Battle Ground resident Natalie Worthy was recently crowned Miss Greater Vancouver 2022 after serving as Miss Battle Ground’s Outstanding Teen from 2020-2021.
Worthy, 18, is excited about the achievement and what’s to come.
“I feel so thankful and so overwhelmed by the opportunity,” Worthy said. “I have wanted to be Miss Greater Vancouver or Miss Clark County for a couple of years since joining the program, and I’m so thrilled and grateful for this opportunity.”
Worthy started the Miss America program when she was 16 when she competed for Miss Clark County’s Outstanding Teen. She placed as first runner-up at that time and from there, she competed for Miss Washington’s outstanding teen, where she placed as the fourth runner-up.
“I realized (from the program) that I gained so many skills about personal development, speaking to an audience and being confident, and helping my community. So that’s when I decided to run for Miss Clark County, and that’s when I won the title of Miss Greater Vancouver,” she said.
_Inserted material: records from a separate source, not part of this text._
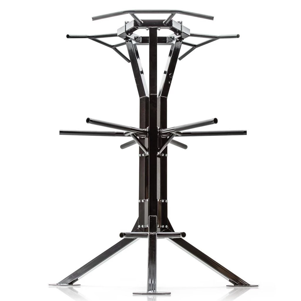 Strength training without having to go back into the gym is advantageous in many situations. This 6 position chin/dip station offers three pull up stations and 3 dip stations in one unit. Can be used indoor or outdoor.
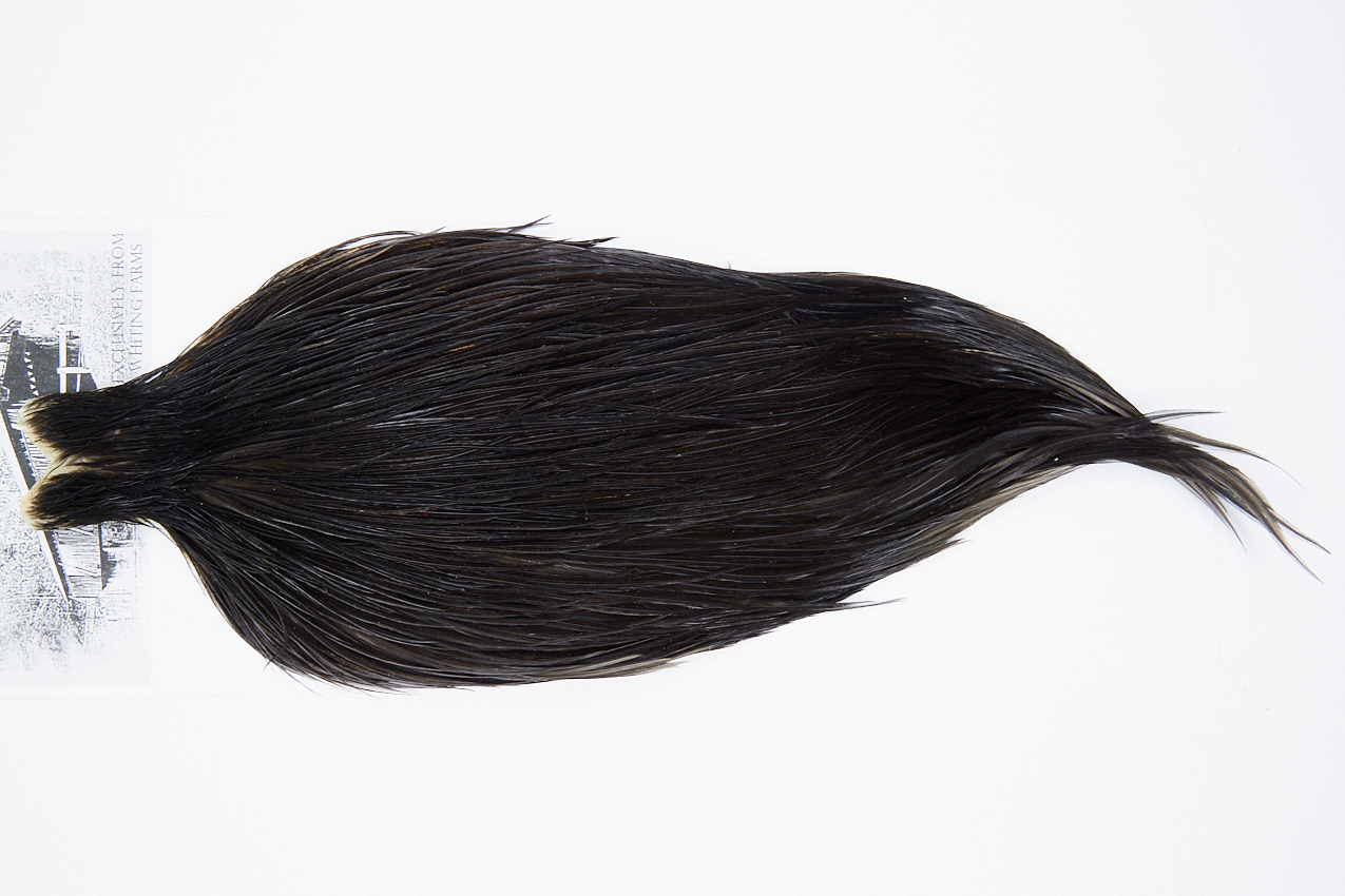 10257 is a Beaverkill Rooster Cape of Black color that ties predominately size 8-18. The image shown is an actual photo of this dry fly cape. This is NEW UNUSED HACKLE.
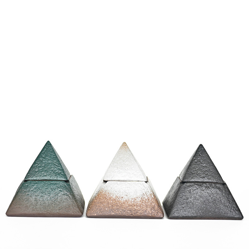 Ceramic Ashtray Pyramid Craft Decoration With Lid
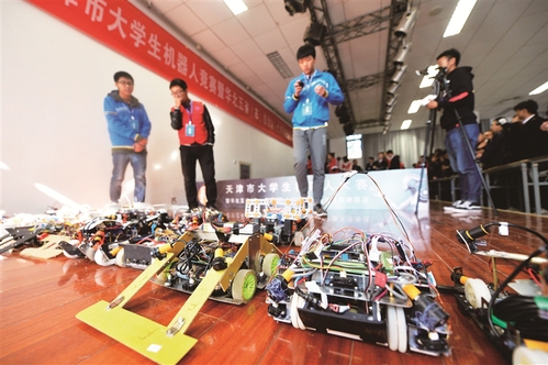 渤海早报讯(记者 于强 通讯员 扶婧雨 姚登泰)10月28日-29日,由市教委主办、天津工业大学承办的第五届天津市大学生机器人竞赛暨华北五省(市、自治区)大学生机器人大赛天津赛区竞赛在天津工业大学举行。本次大赛吸引了天津大学、天津师范大学、天津工业大学等本市16所高校,按大类分286支队伍,按小项分391支队伍踊跃参加,促进了参赛选手间创意创新思维的交流与碰撞。

In terms of personal development, Worthy said she learned how to be herself and walk on stage confidently, as well as sing and dance in front of hundreds of people.
“At this latest pageant for Miss Clark County, I won the evening gown phase of the competition, which came as a big surprise to me,” she said. “But after seeing the judges’ notes, they all said that I was just so confident on stage, so I was so happy to have that feedback and to know that I have grown so much as a person and as a performer.”
To earn the title of Miss Greater Vancouver, Worthy said it takes perseverance and a whole lot more.
“It’s not just about beauty and pretty dresses and big smiles,” she said. “It’s about loving your community and it’s about having a big heart and being able to compete not only for yourself, but for people around you.”
Worthy said she wanted to support people in her community and encourage youth volunteerism. She said the title also requires intelligence, poise, and overall kindness.
Worthy started a social impact initiative called Leaders of the Future, which aims to build goals, volunteerism and life skills. She said she is dedicated to advocating for the greater Vancouver area, especially to get other youth involved, as she has volunteered since she was 7 years old. At that time, Worthy volunteered at the Ridgefield Wildlife Refuge where she planted trees. That inspired her to volunteer more in Clark County, where she learned how to make an impact for people in need.
“I’ve seen the people that I have helped firsthand, and I see the need for young volunteers in the area, and I see the value that young people can have in our communities,” Worthy said. “So that’s why I decided to advocate for volunteerism and to get people more involved in the civic responsibility they have to their community.”
Worthy believes young people who are not old enough to vote may feel like they have a lack of civic responsibilities or a voice in their community. If a person volunteers, then they’re able to be a part of a team or can be a leader in whatever organization they’re working in, she said.
“When I help people in my community, I feel so much value knowing that I can help someone else’s life, and that’s a trait and a quality that all young people should be able to feel, knowing that they have such a value in their community when they help people around them,” Worthy said.
Worthy is currently a student at the University of Puget Sound in Tacoma and studies vocal performance. She plans on volunteering with an organization called Serve the People Tacoma, which provides food and basic necessities to people who are struggling with homelessness.